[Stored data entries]
___

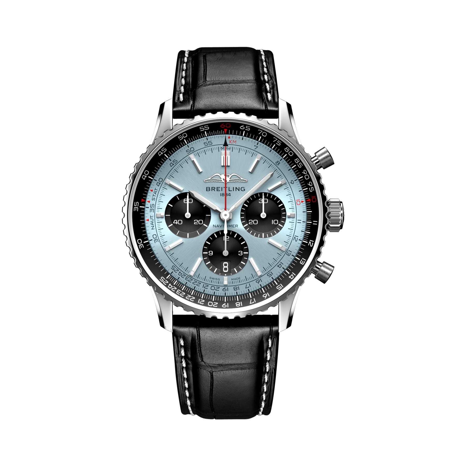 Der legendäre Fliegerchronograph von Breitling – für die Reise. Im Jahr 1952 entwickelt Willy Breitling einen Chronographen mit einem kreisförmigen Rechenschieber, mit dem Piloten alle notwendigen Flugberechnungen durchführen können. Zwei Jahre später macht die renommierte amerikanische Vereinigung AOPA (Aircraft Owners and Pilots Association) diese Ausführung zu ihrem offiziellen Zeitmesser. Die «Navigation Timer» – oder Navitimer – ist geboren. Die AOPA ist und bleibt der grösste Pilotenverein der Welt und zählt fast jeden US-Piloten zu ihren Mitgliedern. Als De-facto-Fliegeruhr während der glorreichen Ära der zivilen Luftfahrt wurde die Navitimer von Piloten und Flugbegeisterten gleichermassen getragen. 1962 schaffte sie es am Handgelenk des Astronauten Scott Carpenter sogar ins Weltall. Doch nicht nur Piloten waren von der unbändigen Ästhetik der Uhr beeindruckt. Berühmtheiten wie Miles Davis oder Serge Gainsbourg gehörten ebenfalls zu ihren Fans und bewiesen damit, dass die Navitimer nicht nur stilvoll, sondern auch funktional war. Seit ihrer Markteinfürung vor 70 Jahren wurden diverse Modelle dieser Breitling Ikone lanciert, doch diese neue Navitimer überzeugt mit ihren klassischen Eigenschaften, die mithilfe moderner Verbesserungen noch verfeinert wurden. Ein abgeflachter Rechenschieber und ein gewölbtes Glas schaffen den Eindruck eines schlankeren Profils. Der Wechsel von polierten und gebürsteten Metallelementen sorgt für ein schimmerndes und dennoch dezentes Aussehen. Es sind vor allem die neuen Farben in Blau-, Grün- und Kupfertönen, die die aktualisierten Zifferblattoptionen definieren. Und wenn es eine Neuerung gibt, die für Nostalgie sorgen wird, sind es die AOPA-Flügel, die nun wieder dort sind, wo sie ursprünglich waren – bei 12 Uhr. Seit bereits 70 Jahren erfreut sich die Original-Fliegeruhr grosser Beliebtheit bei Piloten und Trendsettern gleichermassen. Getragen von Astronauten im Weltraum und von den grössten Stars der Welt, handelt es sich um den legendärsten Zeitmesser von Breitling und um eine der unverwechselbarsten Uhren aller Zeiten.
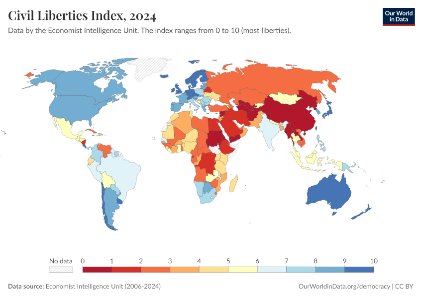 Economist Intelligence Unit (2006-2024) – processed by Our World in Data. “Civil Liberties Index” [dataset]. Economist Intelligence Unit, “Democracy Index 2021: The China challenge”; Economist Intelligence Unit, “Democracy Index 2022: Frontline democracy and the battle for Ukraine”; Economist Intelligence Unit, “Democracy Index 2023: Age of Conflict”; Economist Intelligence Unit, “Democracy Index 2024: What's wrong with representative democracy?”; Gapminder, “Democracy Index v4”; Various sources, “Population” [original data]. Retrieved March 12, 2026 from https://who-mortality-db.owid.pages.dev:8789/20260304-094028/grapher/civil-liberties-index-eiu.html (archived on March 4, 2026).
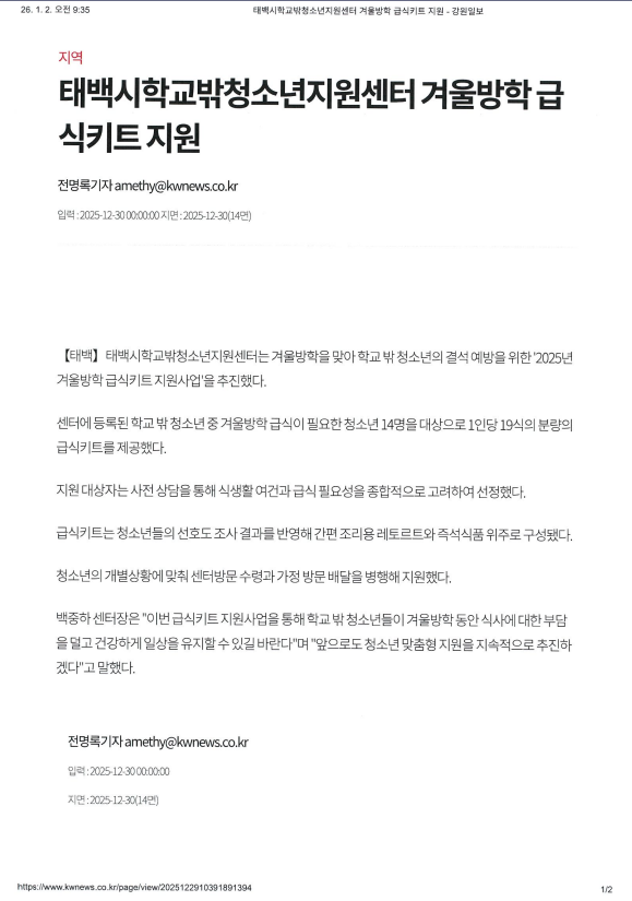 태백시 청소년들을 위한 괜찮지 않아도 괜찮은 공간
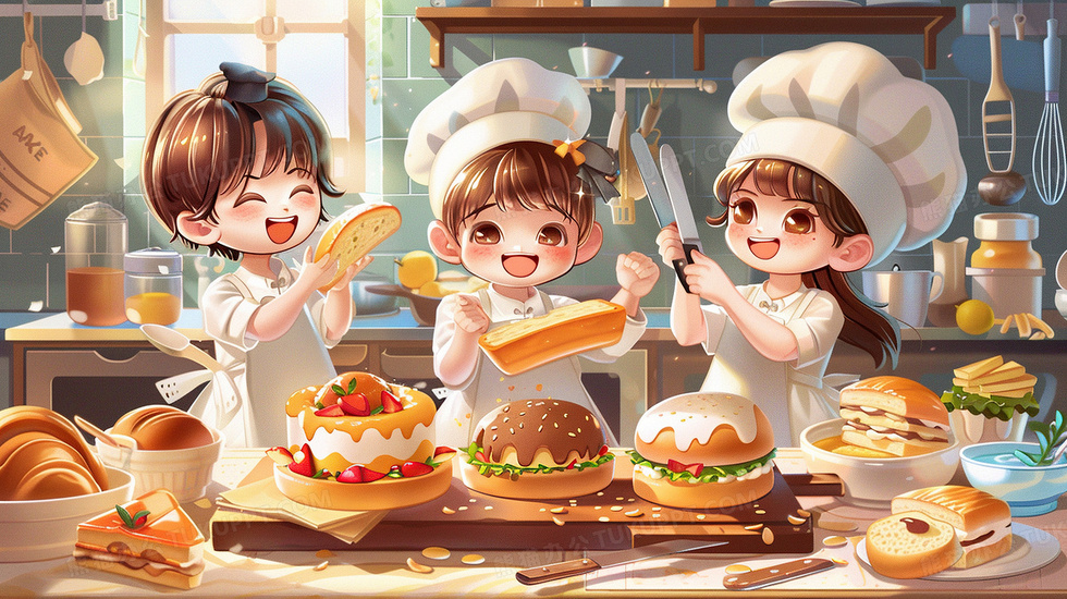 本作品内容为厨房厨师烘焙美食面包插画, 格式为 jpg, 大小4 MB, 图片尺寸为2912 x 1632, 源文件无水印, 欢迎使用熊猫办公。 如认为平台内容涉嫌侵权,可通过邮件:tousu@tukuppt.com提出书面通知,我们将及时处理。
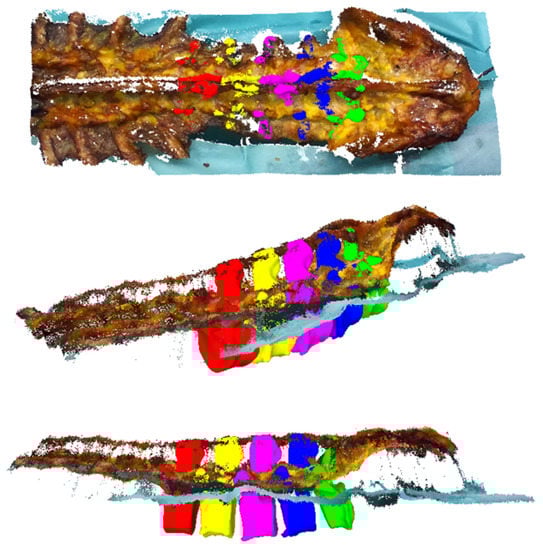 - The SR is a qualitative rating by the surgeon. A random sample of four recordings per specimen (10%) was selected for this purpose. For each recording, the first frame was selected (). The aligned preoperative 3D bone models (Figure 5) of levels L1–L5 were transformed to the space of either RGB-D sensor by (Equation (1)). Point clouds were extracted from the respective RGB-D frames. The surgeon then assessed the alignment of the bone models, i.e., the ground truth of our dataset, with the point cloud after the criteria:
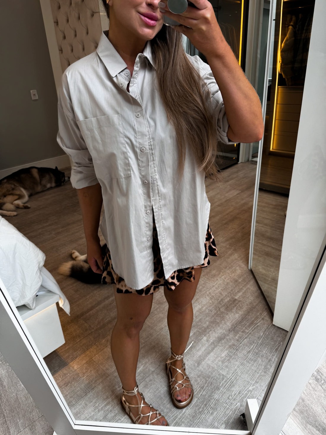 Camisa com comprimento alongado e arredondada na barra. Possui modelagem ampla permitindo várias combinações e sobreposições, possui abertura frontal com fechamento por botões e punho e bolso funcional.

___

**What is required:** Look above for the line with "本作品内容为厨房厨师烘焙美食面包插画, 格式为 jpg, 大小4" and the line with "- The SR is". Give again exactly those two lines and all lines between them, pictures excluded.

**Task answer:**
 本作品内容为厨房厨师烘焙美食面包插画, 格式为 jpg, 大小4 MB, 图片尺寸为2912 x 1632, 源文件无水印, 欢迎使用熊猫办公。 如认为平台内容涉嫌侵权,可通过邮件:tousu@tukuppt.com提出书面通知,我们将及时处理。
 - The SR is a qualitative rating by the surgeon. A random sample of four recordings per specimen (10%) was selected for this purpose. For each recording, the first frame was selected (). The aligned preoperative 3D bone models (Figure 5) of levels L1–L5 were transformed to the space of either RGB-D sensor by (Equation (1)). Point clouds were extracted from the respective RGB-D frames. The surgeon then assessed the alignment of the bone models, i.e., the ground truth of our dataset, with the point cloud after the criteria:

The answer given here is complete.